§ **PROBLEM**
Go to the line with "Na ovogodišnjem Apfel" in the material below and copy from there through the line with "Tas raket 4", exactly. Pictures are not copied.

§ **DATA PROVIDED**
- - - - - - -

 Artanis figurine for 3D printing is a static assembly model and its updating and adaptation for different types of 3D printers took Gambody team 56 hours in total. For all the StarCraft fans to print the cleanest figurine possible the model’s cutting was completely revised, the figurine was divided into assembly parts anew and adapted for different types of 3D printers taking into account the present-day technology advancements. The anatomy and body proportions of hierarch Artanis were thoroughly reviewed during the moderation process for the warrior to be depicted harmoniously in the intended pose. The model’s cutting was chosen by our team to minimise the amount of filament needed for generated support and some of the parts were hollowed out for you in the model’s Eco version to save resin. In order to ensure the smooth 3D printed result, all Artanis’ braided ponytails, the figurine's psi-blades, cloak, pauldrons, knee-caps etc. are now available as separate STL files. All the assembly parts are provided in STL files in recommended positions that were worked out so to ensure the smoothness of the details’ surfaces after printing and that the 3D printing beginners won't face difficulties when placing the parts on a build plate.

- - - - - - -

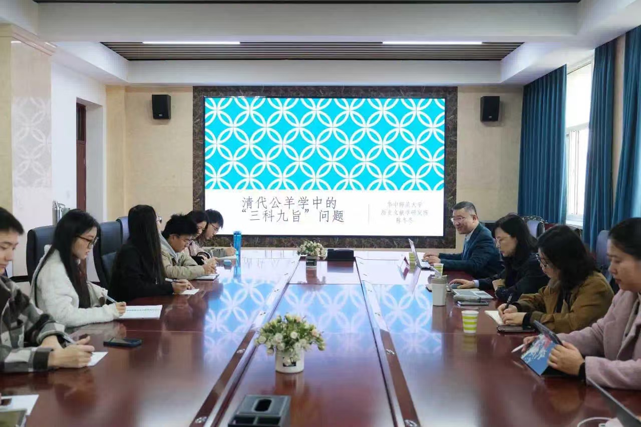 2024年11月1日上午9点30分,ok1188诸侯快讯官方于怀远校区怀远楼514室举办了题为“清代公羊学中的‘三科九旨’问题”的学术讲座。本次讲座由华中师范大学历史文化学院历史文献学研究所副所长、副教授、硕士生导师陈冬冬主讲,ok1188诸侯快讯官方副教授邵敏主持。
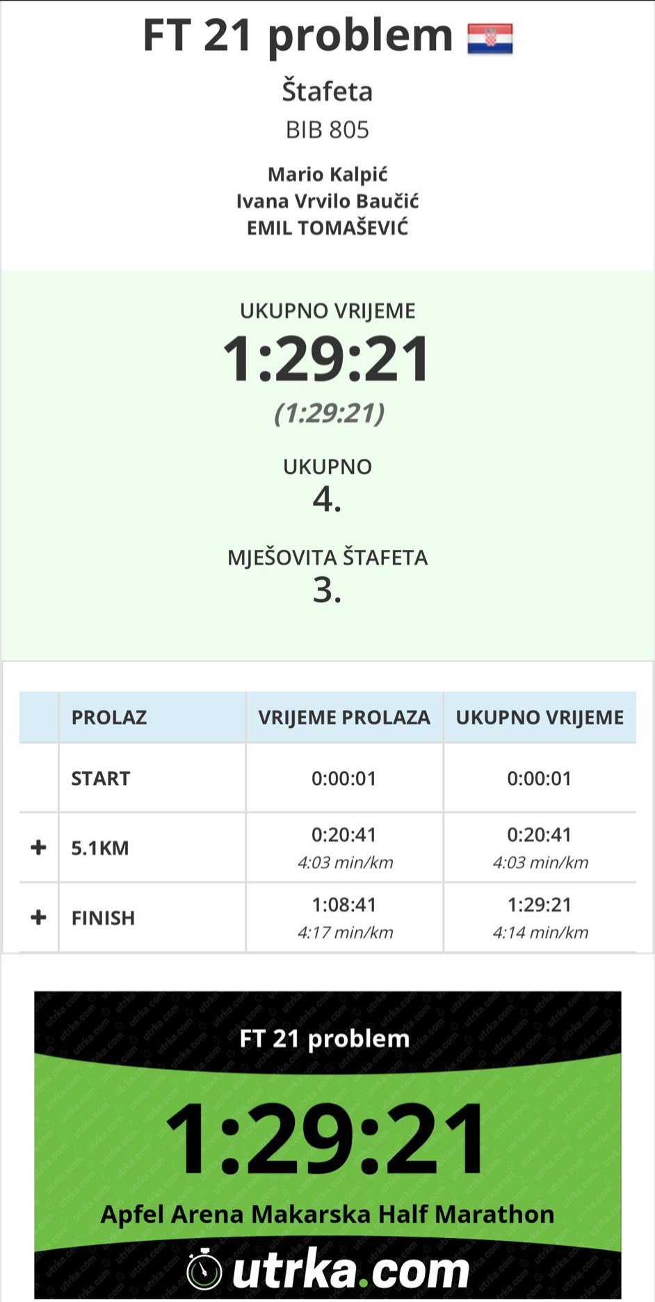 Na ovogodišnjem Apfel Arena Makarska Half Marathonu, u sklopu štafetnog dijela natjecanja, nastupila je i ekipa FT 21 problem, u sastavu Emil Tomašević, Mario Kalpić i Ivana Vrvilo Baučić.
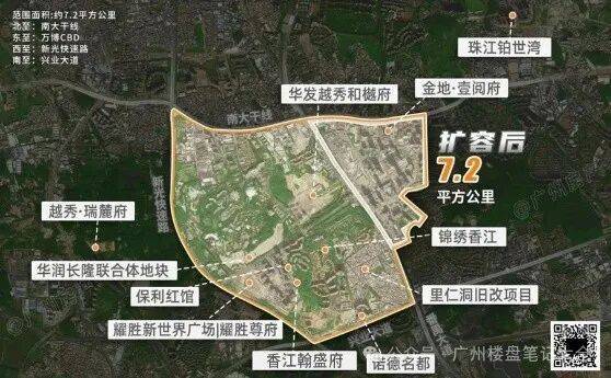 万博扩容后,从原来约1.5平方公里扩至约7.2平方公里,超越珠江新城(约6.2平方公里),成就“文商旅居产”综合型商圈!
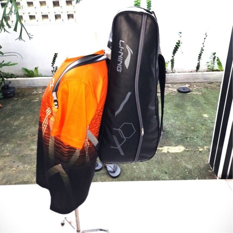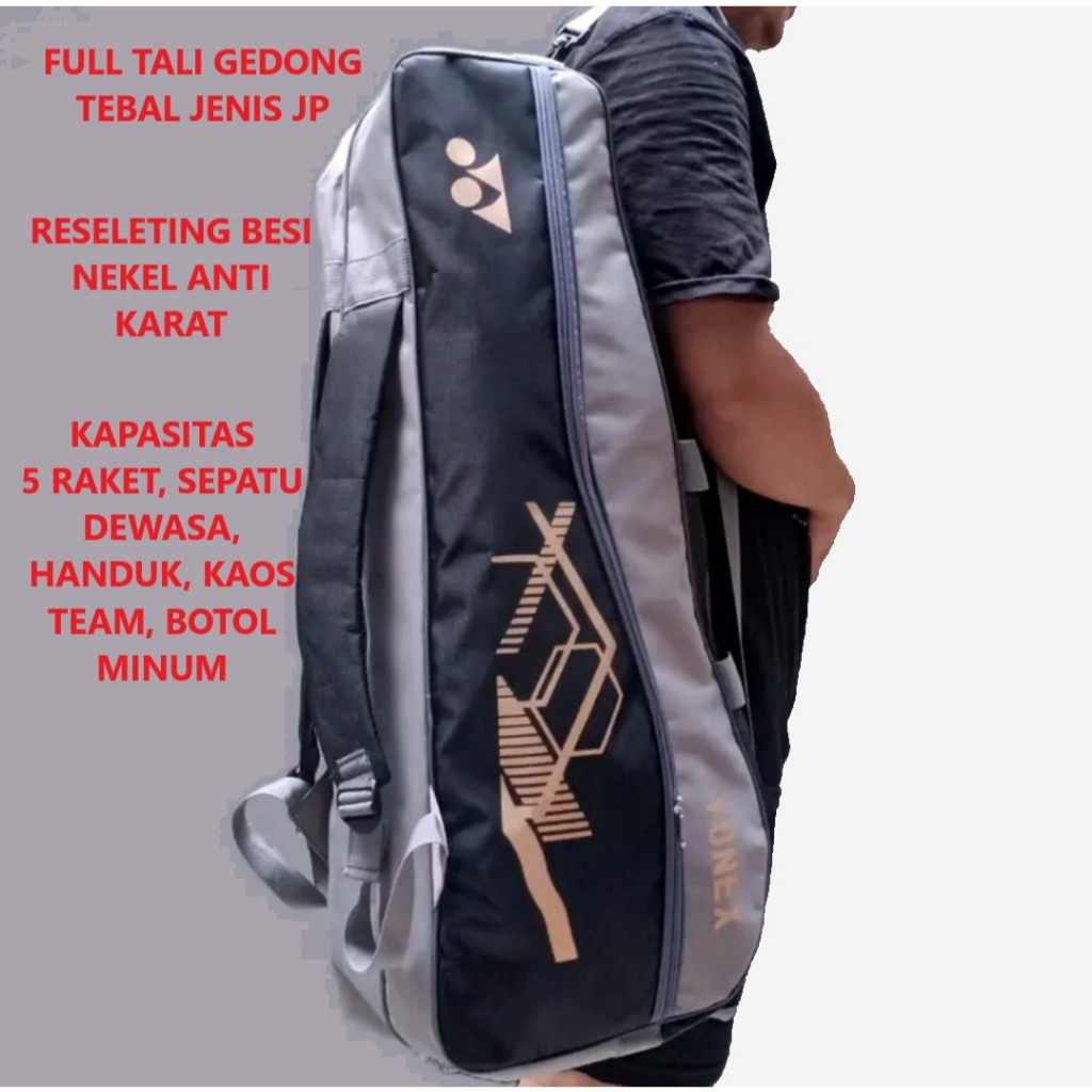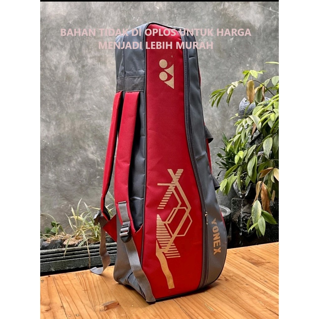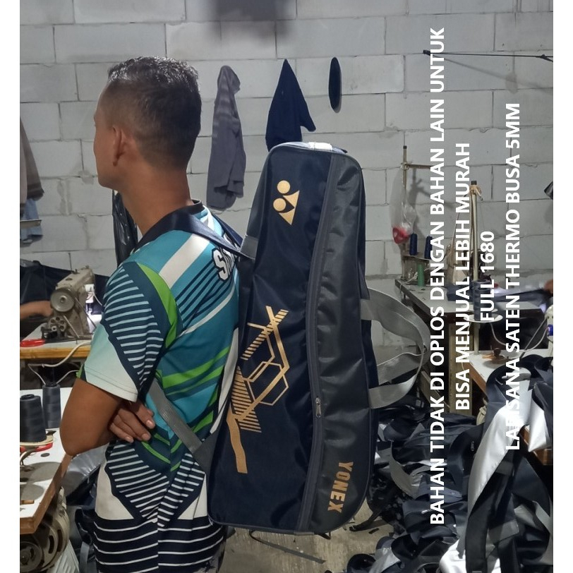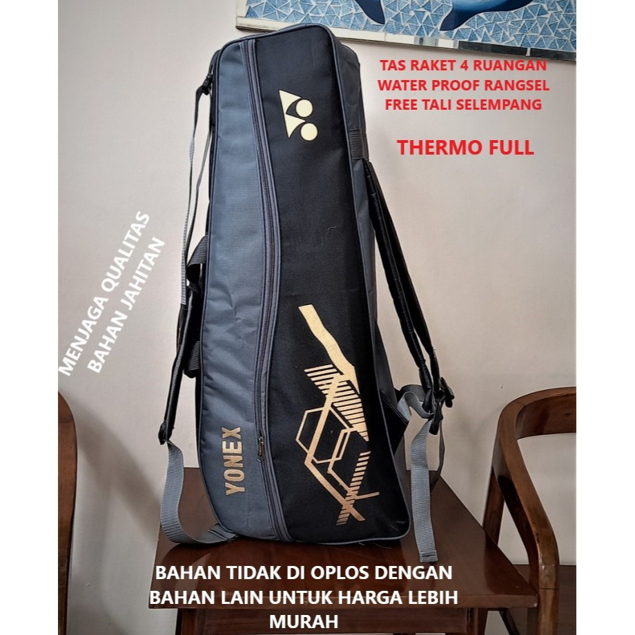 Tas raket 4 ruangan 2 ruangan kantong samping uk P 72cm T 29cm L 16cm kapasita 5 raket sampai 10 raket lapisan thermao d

- - - - - - -

§ **PROBLEM SOLUTION**
 Na ovogodišnjem Apfel Arena Makarska Half Marathonu, u sklopu štafetnog dijela natjecanja, nastupila je i ekipa FT 21 problem, u sastavu Emil Tomašević, Mario Kalpić i Ivana Vrvilo Baučić.
 万博扩容后,从原来约1.5平方公里扩至约7.2平方公里,超越珠江新城(约6.2平方公里),成就“文商旅居产”综合型商圈!
 Tas raket 4 ruangan 2 ruangan kantong samping uk P 72cm T 29cm L 16cm kapasita 5 raket sampai 10 raket lapisan thermao d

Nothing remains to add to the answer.